DynamicQuantize#

General#

DynamicQuantize operation converts a f32 tensor to a quantized (s8 or u8) tensor. It supports both per-tensor and per-channel asymmetric linear quantization. The target quantized data type is specified via the data type of dst logical tensor. Rounding mode is library-implementation defined.

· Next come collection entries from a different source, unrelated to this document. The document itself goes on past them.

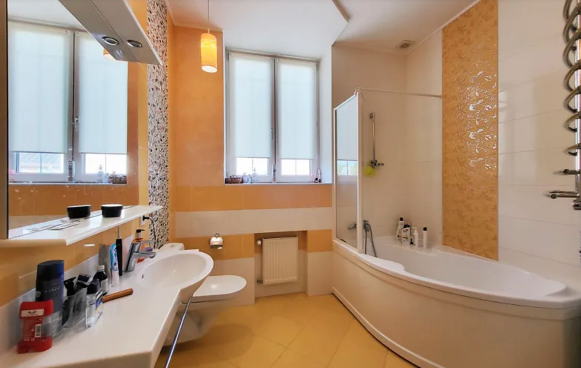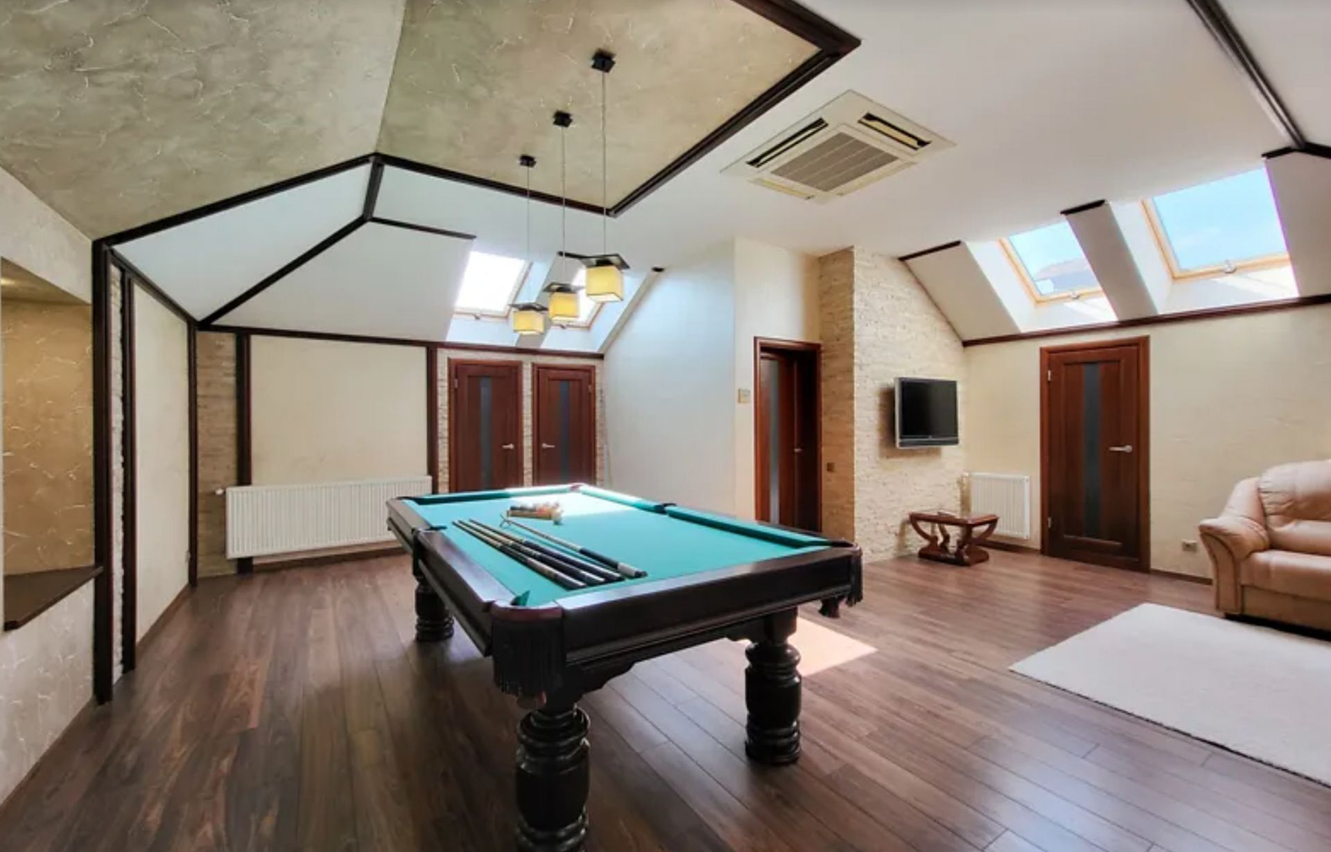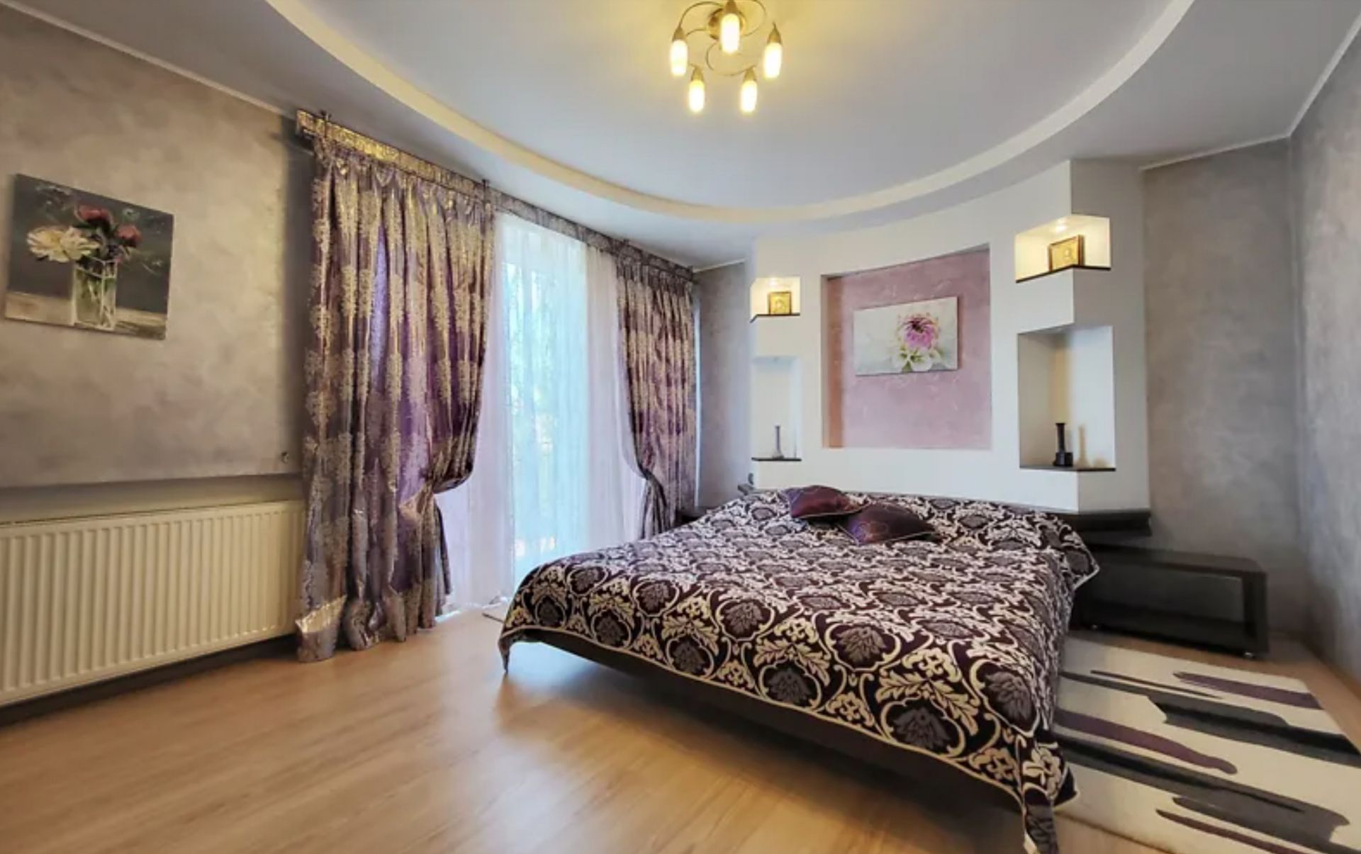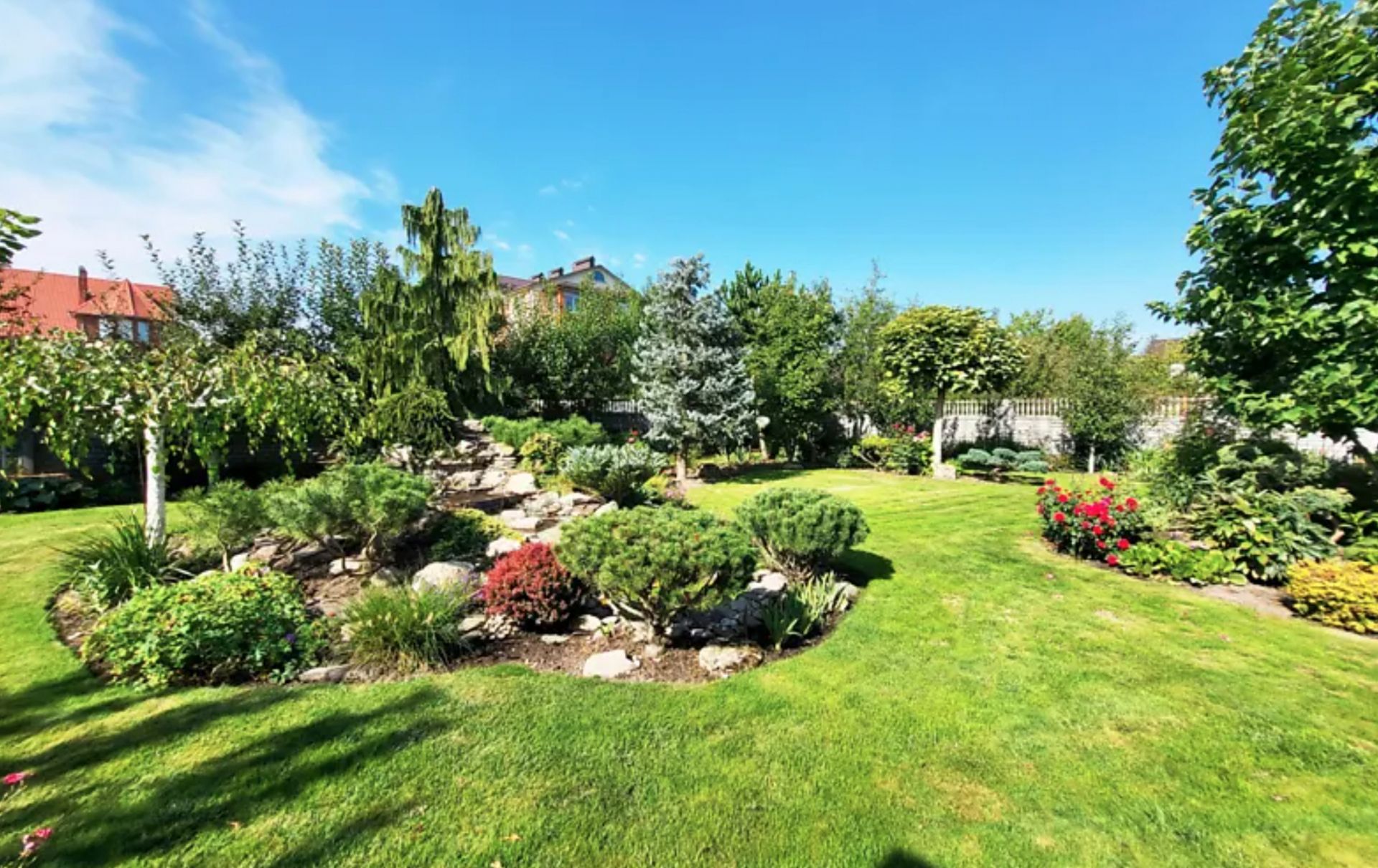 Цей будинок площею 495 м² розташований у престижному районі біля лісу та збудований за індивідуальним проєктом із використанням сучасних технологій. У ньому два житлові поверхи та цоколь, загалом передбачено п’ять житлових кімнат, серед яких три спальні та кабінет. Усередині облаштовані сауна, басейн, три санвузли, гардеробна і комора, що формує повноцінний простір для комфортного проживання.
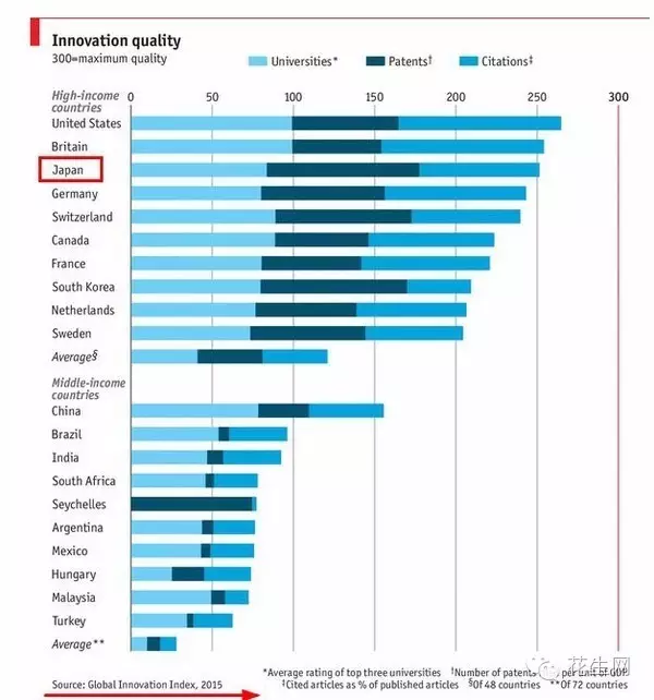 另一份来自《Economist》的报告指出,日本的国家创新质量(Innovation Quality)位列世界第三。
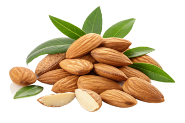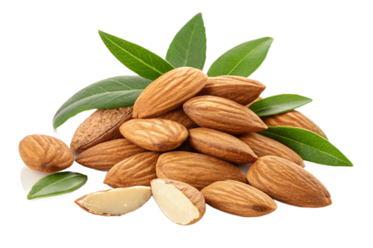 Two whole almonds isolated on transparent background, healthy snack and ingredient
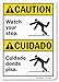 SmartSign "Caution: Watch Your Step", Bilingual with Graphic, Vinyl Label, 7" x 5". 4 mil thick vinyl with clear lami...
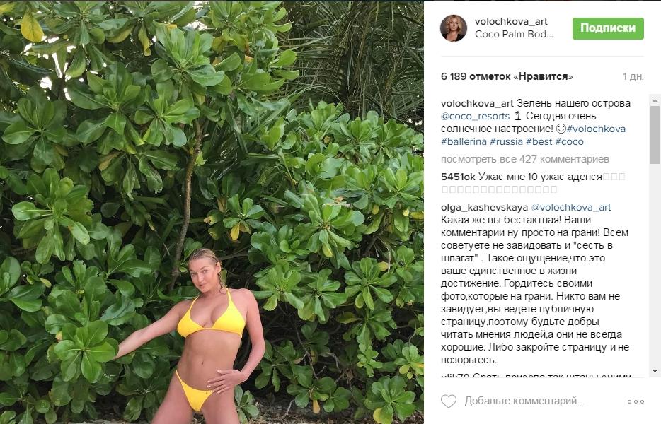 Известная балерина Анастасия Волочкова в настоящее время отдыхает на Мальдивах, где делает фирменные шпагаты и загорает в миниатюрных бикини. Не забывает Настя о своих поклонниках и публикует в Инстаграм новые эротичные снимки.
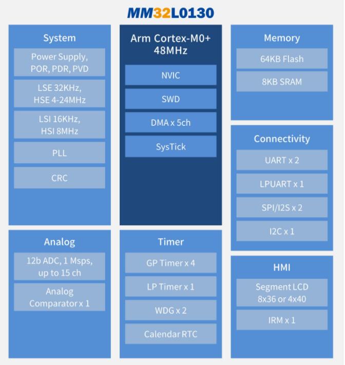 上海靈動微電子低功耗MM32L0130系列MCU產(chǎn)品搭載ArmCortex-M0+處理器,集成段碼LCD驅(qū)動,功耗可低至100nA,適用于多種低功耗應(yīng)用場景。
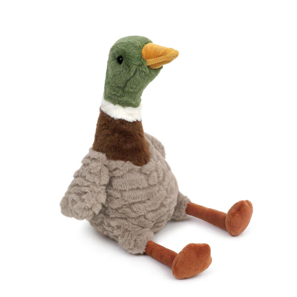 River Mallard Duck, the most charming and fluffy duck around! This plush mallard duck has all the beautiful markings of this colorful bird, with his bright green head, soft wings, and cuddly gray body, making him ready to waddle right into your heart. His long, floppy golden feet are perfect for cozy snuggles or taking a waddle around the house. Always ready for adventure or a lazy day by the pond, River Mallard Duck is the ultimate feathered friend to bring fun and whimsy to playtime.
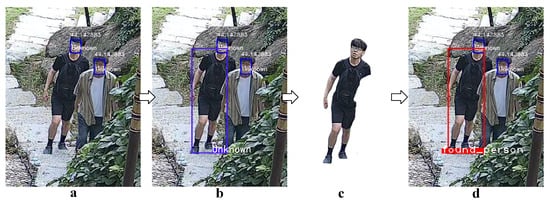 The sources of error in passive perception and path tracking for tourists to mountain scenic spots primarily arise from two factors: identification accuracy and localization tracking accuracy. Regarding identification accuracy, errors mainly arise from the considerable distance between the camera and the detected target, which typically results in low pixel feature resolution in the images captured by the camera []. Even with state-of-the-art detectors, a significant performance gap persists in detecting small and normally sized objects, largely due to the inevitable loss of small target representations during feature mapping downsampling [,,,]. Furthermore, the identification results of F2B depend upon the detection frame, which can be negatively impacted by the presence of other individuals in high crowd density situations. This may lead to inaccuracies in the features read, subsequently compromising identification accuracy, as illustrated in Figure 11. In Figure 11b, while the detection frame for the tourist in black is established, face recognition fails to identify them due to the bodies of other tourists in the background introducing real-world noise that detracts from F2B recognition accuracy, ultimately resulting in failure to identify the target. However, once the target is accurately segmented by edges (Figure 11c) and the features are subsequently read, successful identification can be achieved (Figure 11d).
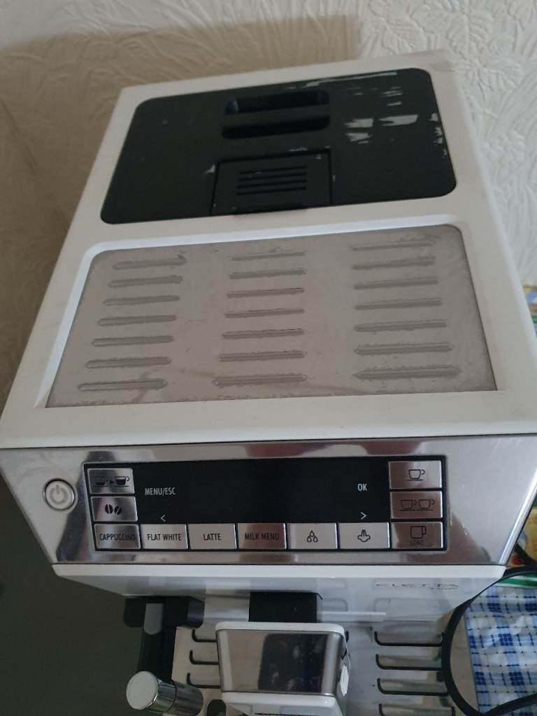 The De'Longhi Elleta coffee machine is a stylish and efficient bean-to-cup coffee maker, perfect for creating delicious cappuccinos at home. With its sleek white design and advanced features like self-cleaning, energy-saving mode, and programmable settings, this machine makes coffee brewing easy and convenient. The machine also includes components such as a drip tray, water tank, and water filter, ensuring easy maintenance and optimal performance. Used few times only.Like new.
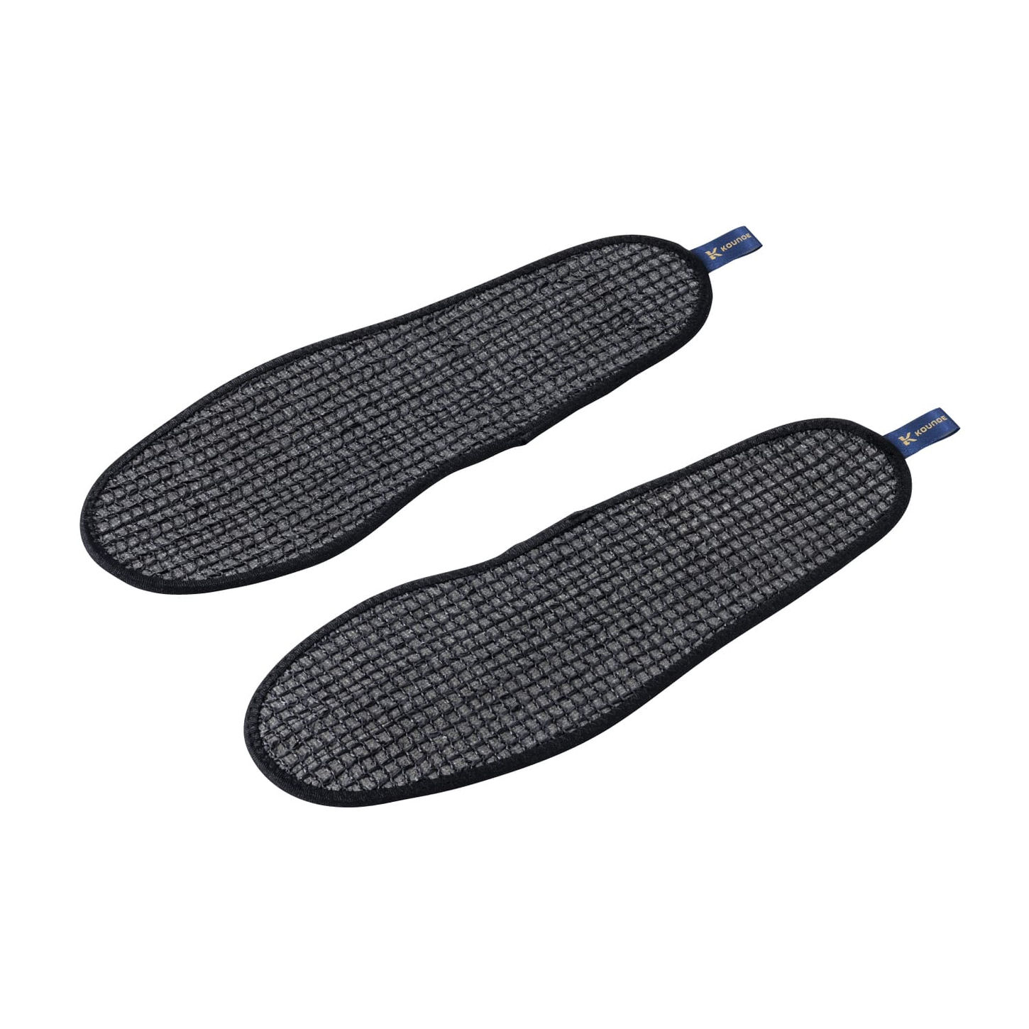表面に配置された格子状ネット素材が鈍感な足裏を刺激し、足指と足裏の感覚・筋肉を呼び起こします。また「横糸のねじり」により適度な滑り止め効果が生まれ「地面を掴む」ことができ、地に足が着いた状態で力の発揮を促し、身体の安定感を生み出す。またフラットな形状と3mmのEVA樹脂により、日々変化する足の形状や、足の形状に合わないシューズの足底にも馴染んで対応する設計です。消臭ネームを使用しているため気になる足の臭いを軽減します。
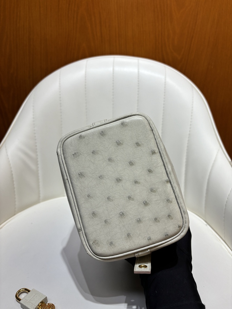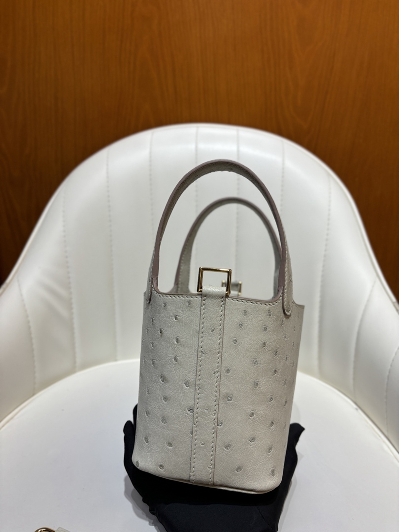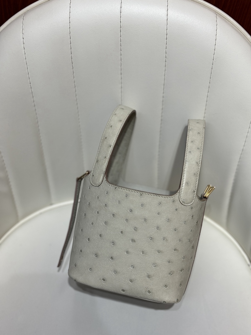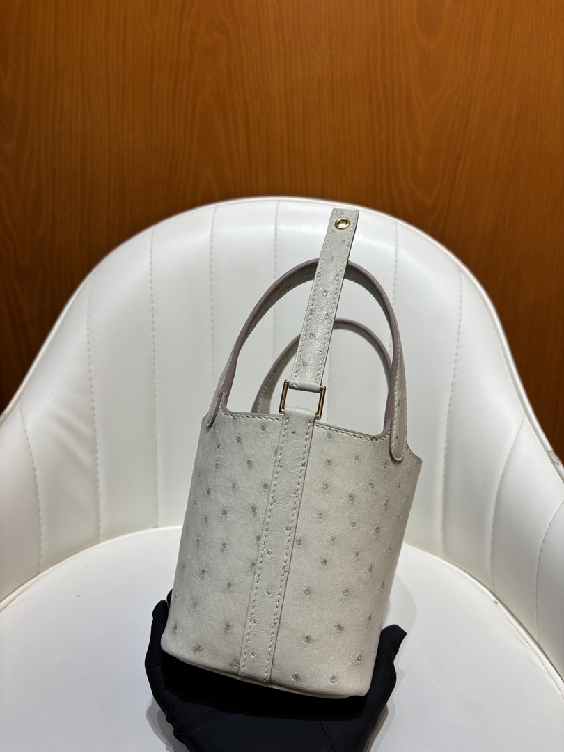 Hermes Ostrich Picotin Lock 22 Gris Neve

For per-tensor quantization

\[dst = round(src/scales + zps)\]

For per-channel quantization, taking channel axis = 1 as an example:

\[{dst}_{\cdots,i,\cdots,\cdots} = round(src_{\cdots,i,\cdots,\cdots}/scales_i + zps_i),i\in [0,channelNum-1]\]

Operation attributes#

Attribute Name

Description

Value Type

Supported Values

Required or Optional

qtype

Specifies which de-quantization type is used.

string

per_tensor (default), per_channel

Optional

axis

Specifies dimension on which per-channel de-quantization is applied.

s64

A s64 value in the range of [-r, r-1] where r = rank(src), 1 by default. Negative value means counting the dimension backwards from the end.

Optional

Execution arguments#

The inputs and outputs must be provided according to below index order when constructing an operation.

Inputs#

Index

Argument Name

Required or Optional

0

src

Required

1

scales

Required

2

zps

Optional

Note

scales is a f32 1D tensor to be applied to the quantization formula. For qtype = per-tensor, there should be only one element in the scales tensor. For qtype = per-channel, the element number should be equal to the element number of src tensor along the dimension axis.

Note

zps is a 1D tensor with offset values that map to zero. For qtype = per-tensor, there should be only one element in the zps tensor. For qtype = per-channel, the element number should be equal to the element number of input tensor along the dimension axis. If omitted, zps values are assumed to be zero.

Outputs#

Index

Argument Name

Required or Optional

0

dst

Required

Supported data types#

DynamicQuantize operation supports the following data type combinations.

Src

Scales

Zps

Dst

f32

f32

s8, u8, s32

s8

f32

f32

s8, u8, s32

u8